Над гнилью кладбища, над щебнем пустырей, над сном окраины выкатывалось солнце. И прачки, выйдя из кривых своих дверей, пооткрывали лучезарные оконца. Ночной извозчик понуканьем и вожжей бодрил свою четвероногую подругу. Внизу лебедка тарахтела над баржой и пирамидой серебрился жирный уголь. Под солнцем колокол рыбачек разбудил: веселый парус волочил к ним рыбью свору. Горластый город медленно всходил — скользя сетьми, всходил на гальчатую гору. В час пробуждения береговых громад маячные глаза меланхолично тухли. И почтальон, подвыпивший номад, уже входил в намыленные кухни, где цвел кастрюльный строй и жаждущим на страх цвели сентенции в стекле и в полотенцах. Из окон фрейлейн Форст на всех парах уже летели фортепьянные коленца. Умывшись и свернув на полинялом темени наследие былой златой своей красы, служительница муз, без мужа и без племени, уселась за свои дисканты и басы. На трех ногах — кормилец лакированный — заплакал чернокрылый крокодил. Под низким ветром садик обворованный завыл, как если б вор с ребенком уходил — прочь с грузом маленьким, браслетистым и голым, как тот, кого на олеандровом столе в альбоме пухлом держат новоселы иль дедушки слегка навеселе. Ружьем сражен, жених фату венчальную унес, покрыв стеклом свое лицо. И вот взамен колечка обручального одно салфетное осталось с ней кольцо. Одна в сочельник, согнутая слушаньем вразвалку скачущих и тренькающих гамм, самой себе она сервировала кушанья, и молча клался гусь к брусничным берегам. Как три волхва, три короля, три странника, доверила она свой путь звезде. И со звездой над елкою осанистой состарилась в привычной борозде. Бесшумные учительницы музыки, легки ли вам железные цветы? Иль всё еще в своих жакетках узеньких вы нотные шевелите листы? И вечером вдоль парапета гавани, где давится своими зернами лабаз, вы, так и не отведавшие плаваний, болтаетесь (как в фонарях недужный газ под утро). С вами ридикюль из лайки, и вы, наколочкой тряся на малышей, кидаете пригоршни катышей сверкающим неугомонным чайкам. 1931

«Жаждет влаги обугленный бор…»

Жаждет влаги обугленный бор.
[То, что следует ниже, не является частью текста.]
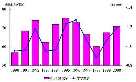 図8. ぬるま湯比率の推移と体感温度(JPC1990〜2000調査)
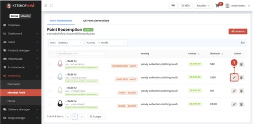 (ตำแหน่งที่ 2) แก้ไขจำนวนแต้มที่ต้องใช้แลกสินค้า
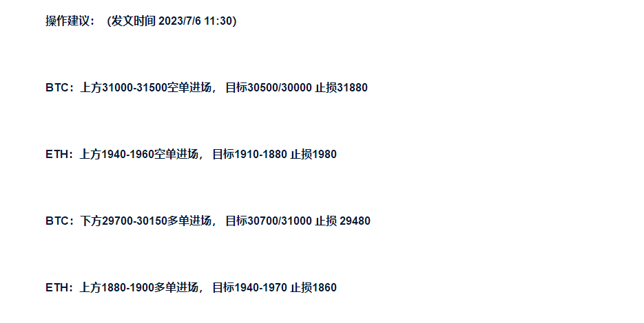 BTC:上方30700-31000空单进场, 目标30200/29600 止损31200
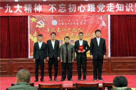 郭鵬飛代表黨群工作部和學(xué)生工作處(團(tuán)委)總結(jié)點(diǎn)評本次活動(dòng)。他首先祝賀本次競賽活動(dòng)取得圓滿成功,祝賀所有參賽選手在活動(dòng)中得到巨大的知識和精神上的收獲。他指出,在我院持續(xù)掀起學(xué)習(xí)貫徹宣傳黨的十九大精神熱潮時(shí),主題知識競賽活動(dòng)無疑起到了薪添旺火的作用,題庫設(shè)計(jì)量大面廣點(diǎn)全,準(zhǔn)備工作非常充分,競賽選手的臨場表現(xiàn)和發(fā)揮集中體現(xiàn)了我院學(xué)生朝氣蓬勃的青春力量和堅(jiān)定執(zhí)著地共產(chǎn)主義理想信念。他強(qiáng)調(diào),青年學(xué)生是祖國和民族未來的希望,一定要懷著“不忘初心跟黨走、青春建功新時(shí)代”的執(zhí)著信念,把個(gè)人的理想追求融入國家和民族的事業(yè)中,從自身成長和社會(huì)發(fā)展進(jìn)步兩個(gè)角度全面把握培育和踐行新時(shí)代青年的內(nèi)在要求。學(xué)院會(huì)為青年大學(xué)生對習(xí)近平新時(shí)代中國特色社會(huì)主義思想的學(xué)習(xí)貫徹宣傳創(chuàng)造更多有利條件,學(xué)院已經(jīng)在學(xué)生中成立了青年馬克思讀書會(huì),還將成立學(xué)習(xí)習(xí)近平新時(shí)代中國特色社會(huì)主義思想學(xué)生研究會(huì)和十九大精神學(xué)生宣講團(tuán)。他號召全院學(xué)生要把握歷史機(jī)遇,肩負(fù)偉大的歷史責(zé)任,用自己的實(shí)際行動(dòng)將個(gè)人夢和中國夢相結(jié)合,腳踏實(shí)地,奮力前行,為實(shí)現(xiàn)中華民族偉大復(fù)興中國夢而不斷努力。

Изогнулись дерев поясницы. Гробовой беспросветный укор в кругляках остывающей птицы. О, в жаровне над жаром оса! Столкновенье зари с палачами! Сиротинушка, чьи волоса только солнце ласкает лучами. Белый воздух, который висит поутру над сырым листопадом. Белый лекарь, который косит, чтоб с предсмертным не встретиться взглядом… Что дороже нам: розы иль рожь? Днем — глаза мы за пазуху прячем. (Теснота. Ослепление. Ложь.) Ночь. И что ж? Мы от зрячести плачем. 1935

«Разве помнит садовник, откинувший стекла к весне…»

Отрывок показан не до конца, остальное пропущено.